Funny story how I came to own Pro Wrestling. A cable repair man visited my best friend's house and brought the game with him. Apparently someone left the cartridge of his van in a grocery story parking lot, so he thought he'd give it to the first customers who he visited. My best friend didn't have a NES though (instead he had the stellar Atari 7800 which created a deep rift between him and his parents for years), so he brought it over to my house and immediately we put it in to play. . . and couldn't figure a damned thing out.



Coming by the game in the manner that I did presented a problem. No instruction manual.
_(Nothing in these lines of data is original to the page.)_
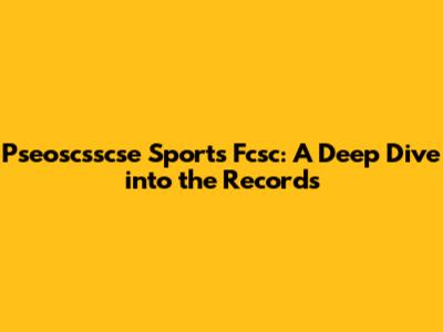 Pseoscsscse Sports Fcsc: A Deep Dive Into The Records
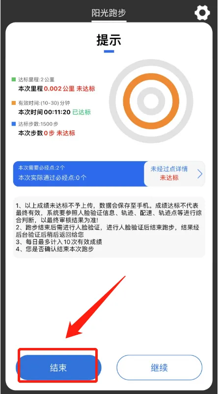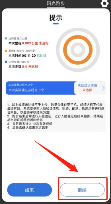 如果发现还有显示未达标的提示,点击“继续”,按照所提示的要求继续跑步。
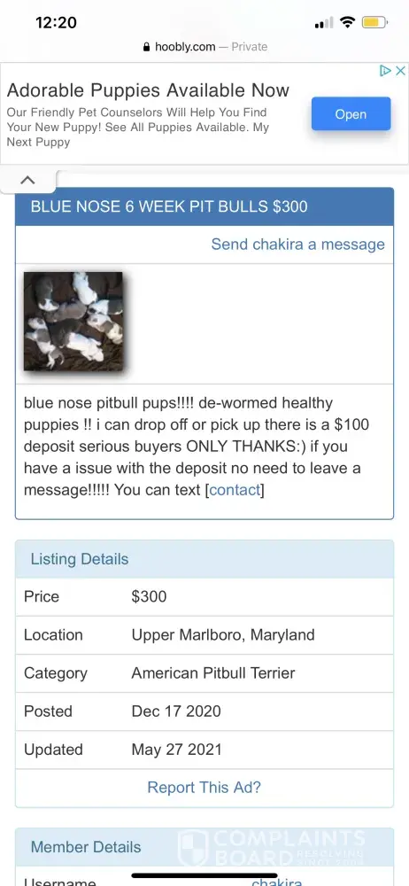 I dont know what it is that can be done, but this ad should be reported as a scam so that no one else did the same thing we did. I am sure this has happened already as she has two litters of puppies for sale on the hoobly.com site.
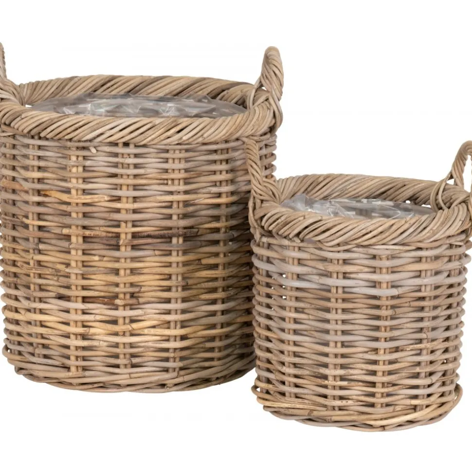 Korgset av kubu rotting med plastbeklädd insida. Set med 2 st. Levereras monterad.
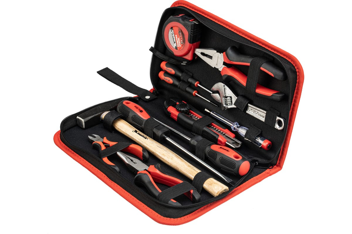 Набор , будет полезен как частным мастерам, так и профессионалам для проведения слесарно-монтажных работ. Он включает отвертки для монтажа/демонтажа резьбовых соединений, в том числе и мелких, разводной ключ для болтов и гаек, нож для резки плотных материалов, рулетку для проведения замеров, молоток, кусачки, и тестер напряжения.Особенности набора

That's not a big deal today since nearly every game has an in-game tutorial and even if it doesn't a user guide is no more than one trip to GameFAQs away. Unfortunately this was 1988 and Al Gore was too busy running for the Democratic Party's presidential nomination that he hadn't had time to create the internet yet.

Pro Wrestling had extremely difficult controls for being such an early NES game. By today's standards it's nothing, but during a time when 99% of games required only the push of the A or B button to do an action, Pro Wrestling was in another league. To pull off a move you'd have to lock up with your opponent, and then press a direction on the D pad and then press A again. Again, not all that complex, but that was nearly rocket science for that era, and it took a while to learn. While now and then I'd pull off a special move by accident for about a month my matches consisted of nothing but punches, kicks, and the occasional clothes-line. Just about as entertaining as a lot of real wrestling matches.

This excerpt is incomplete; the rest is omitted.